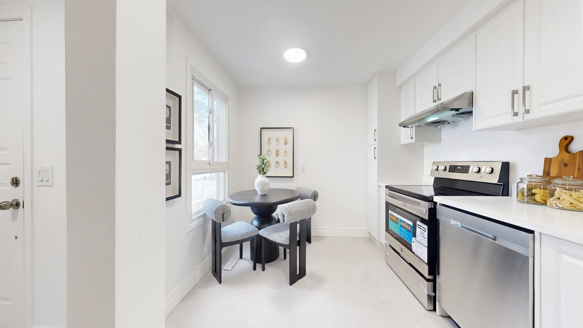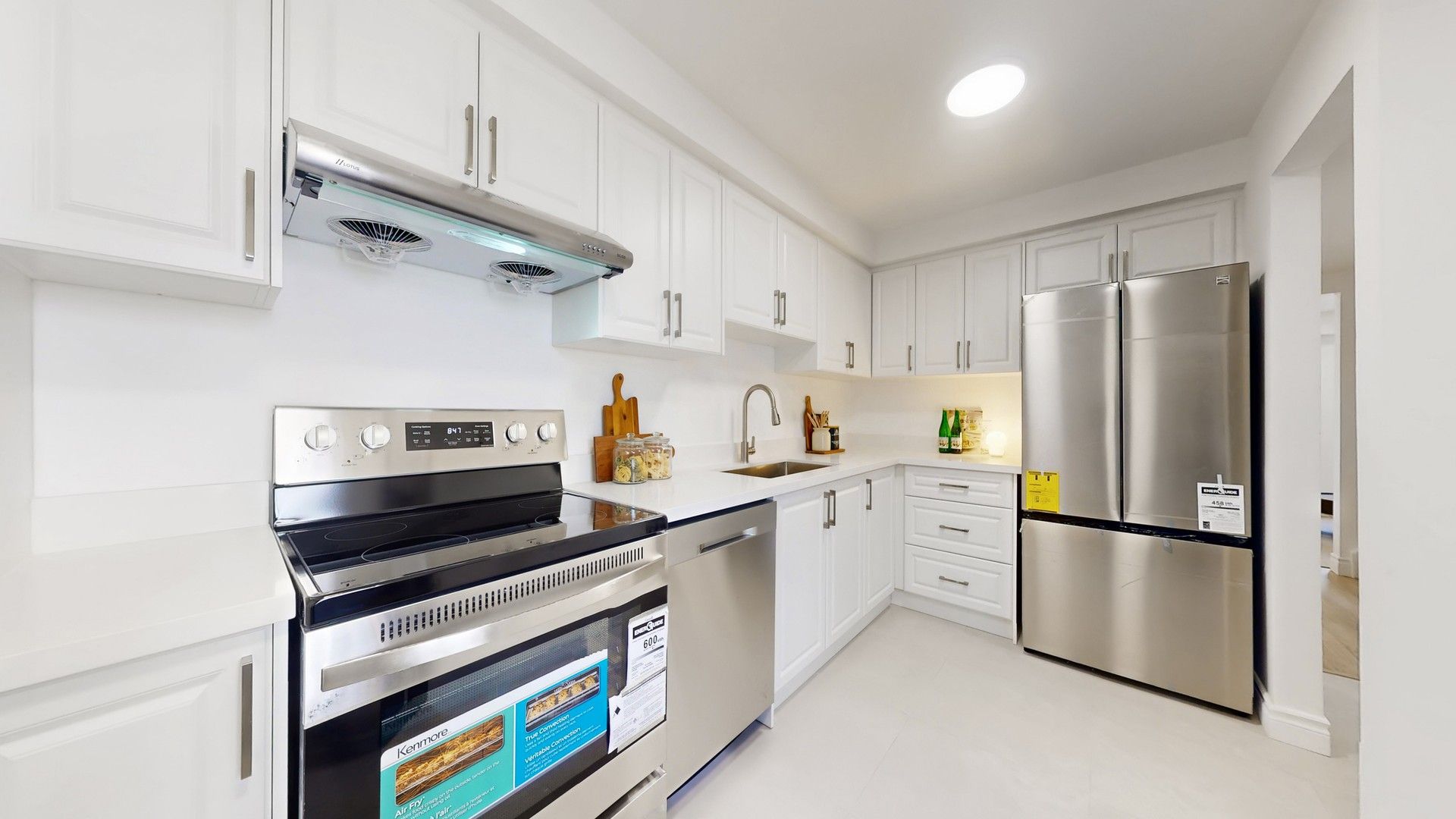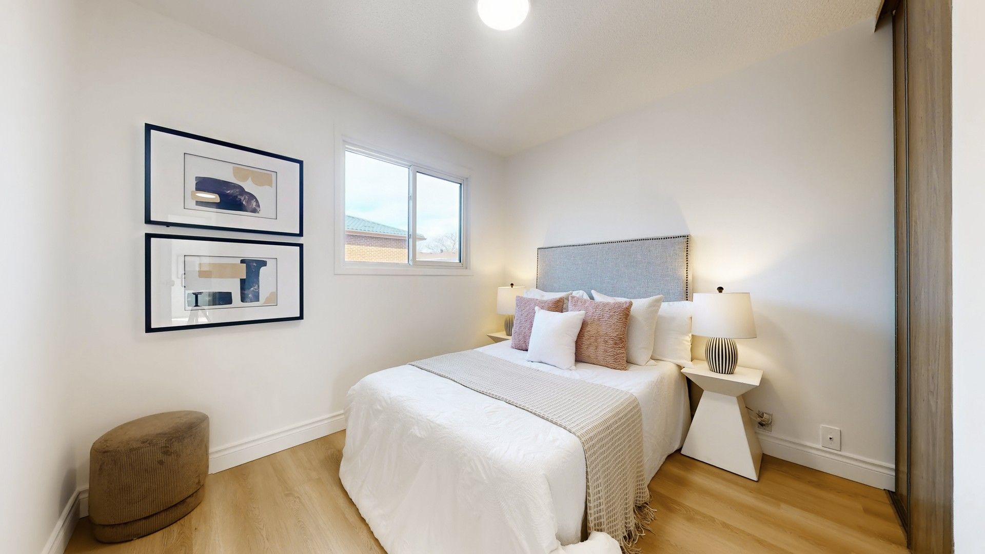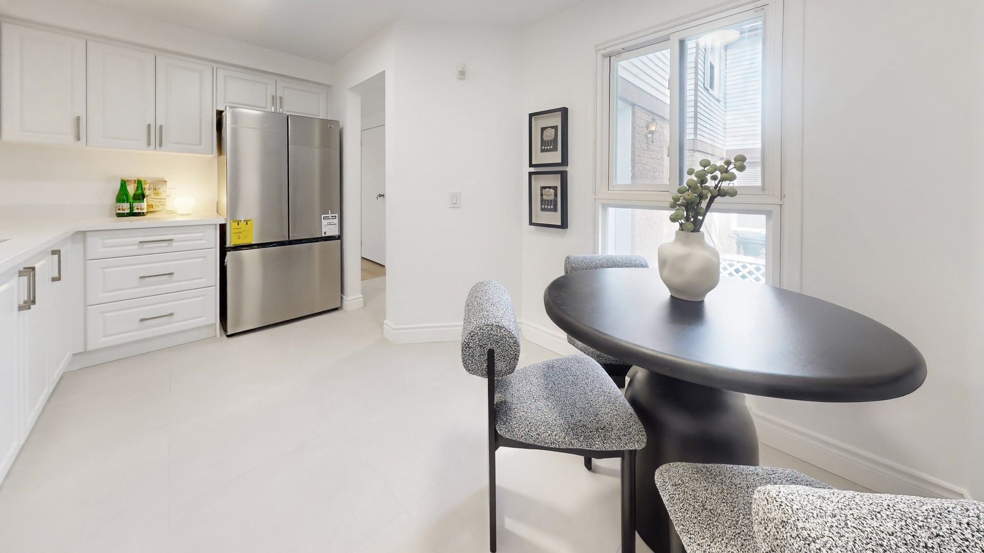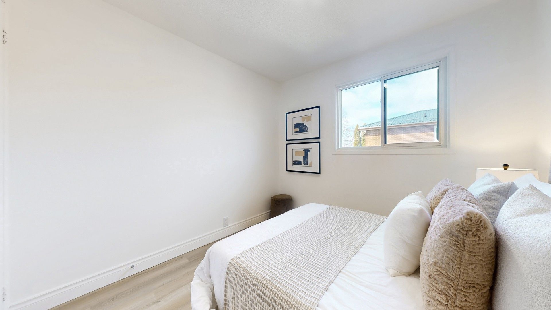 This bright and airy home features new vinyl flooring on all 3 levels, smooth ceiling on ground floor and in basement, new pot lights. Its open concept living and dining rooms are prefect for family gatherings and entertaining, the new custom kitchen is adorned with sleek quartz countertop, soft closing cabinet doors and brand new stainless steel appliances, and a good-sized eat-in area with window. The finished basement features an open concept recreation room, a 4-piece bathroom and a versatile room that can be used as an office, den or occasional guest bedroom. The location offers convenience of daily living - minutes away from supermarkets, parks, shopping, community centre, library, banks, school.
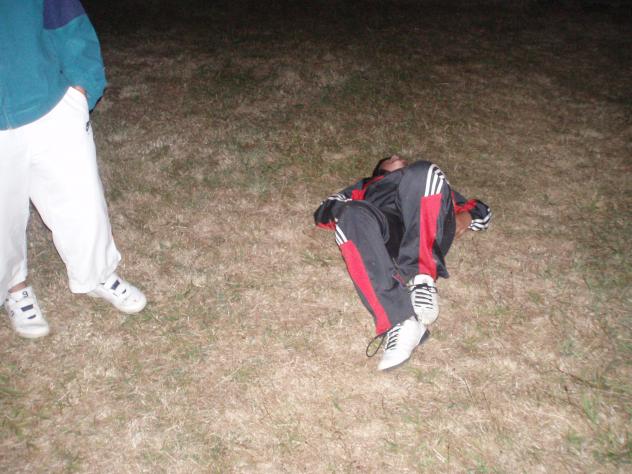 Maikel tumbado en la hierba del jardín iglesia,
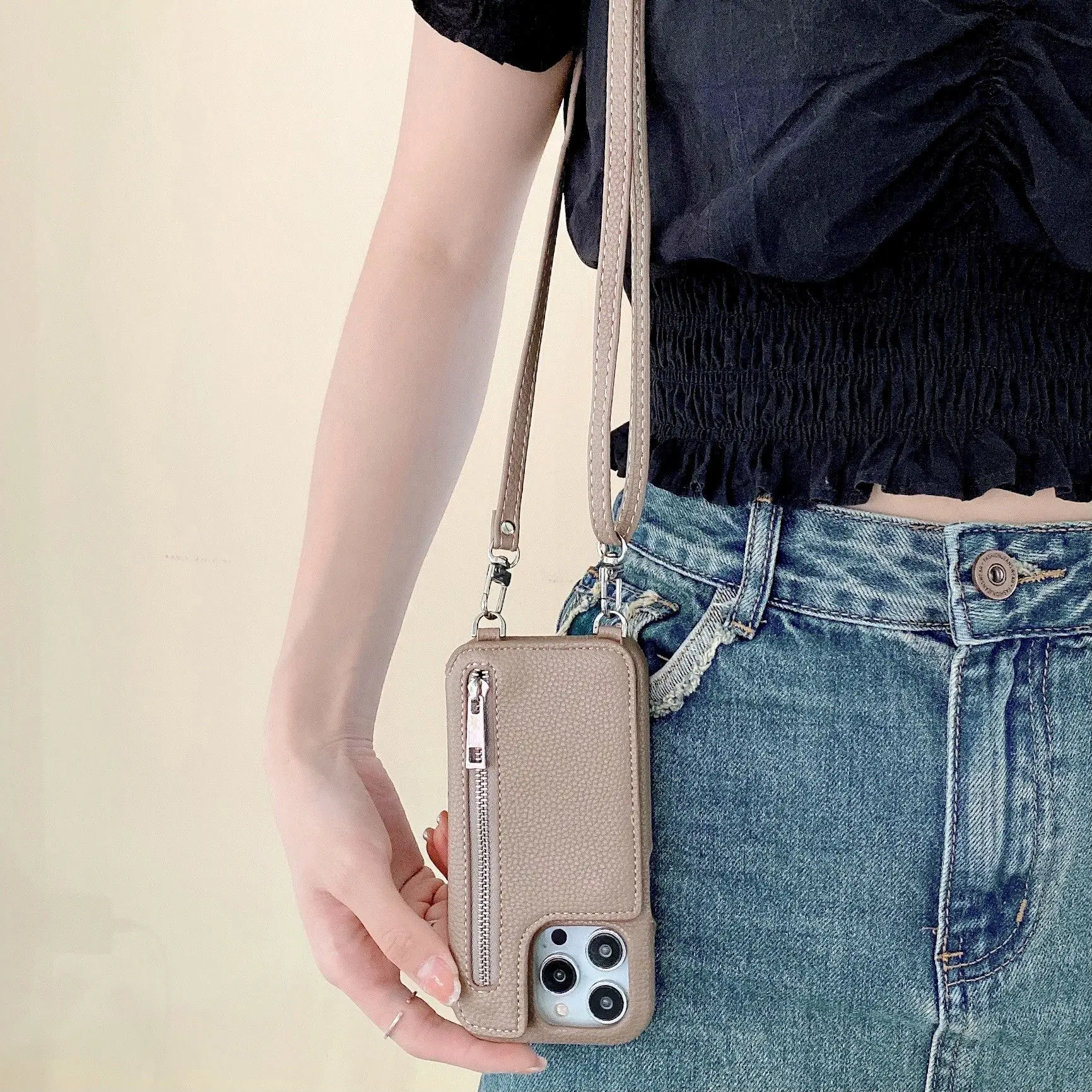 Zipper Wallet Makeup Mirror Crossbody Lanyard Phone Case For iPhone 16 15 14 Pro Max 13 12 11 XR XS 7 8 Plus Card Pocket Leather Cover
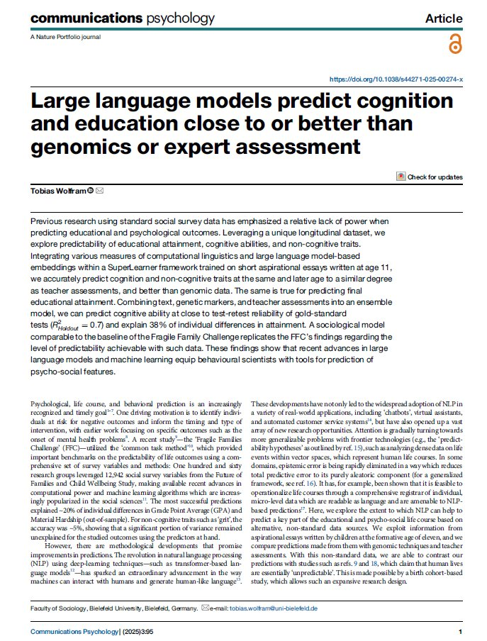 11歳の子どもが書いた250語程度の短い作文をLLMで分析すると、その子の将来の学力や教育成果を予測できることを実験的に発見したとの報告です。
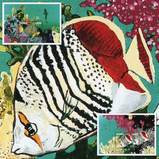 Dwa bloki, na znaczkach których widnieją następujące gatunki ryb:
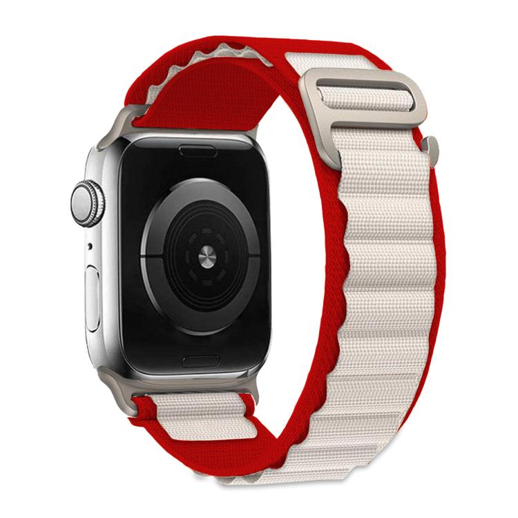 Correa de nailon con hebilla y película curva 3D para Apple Watch Series 10 de 42 mm (rojo y blanco)

_ _ _ _

§ **WHAT TO WORK ON**
Starting at the line above that holds "Maikel tumbado en", repeat every line exactly down to and including the line that holds "11歳の子どもが書いた250", then stop. Do not carry over any pictures.

§ **EXPECTED ANSWER**
 Maikel tumbado en la hierba del jardín iglesia,
 Zipper Wallet Makeup Mirror Crossbody Lanyard Phone Case For iPhone 16 15 14 Pro Max 13 12 11 XR XS 7 8 Plus Card Pocket Leather Cover
 11歳の子どもが書いた250語程度の短い作文をLLMで分析すると、その子の将来の学力や教育成果を予測できることを実験的に発見したとの報告です。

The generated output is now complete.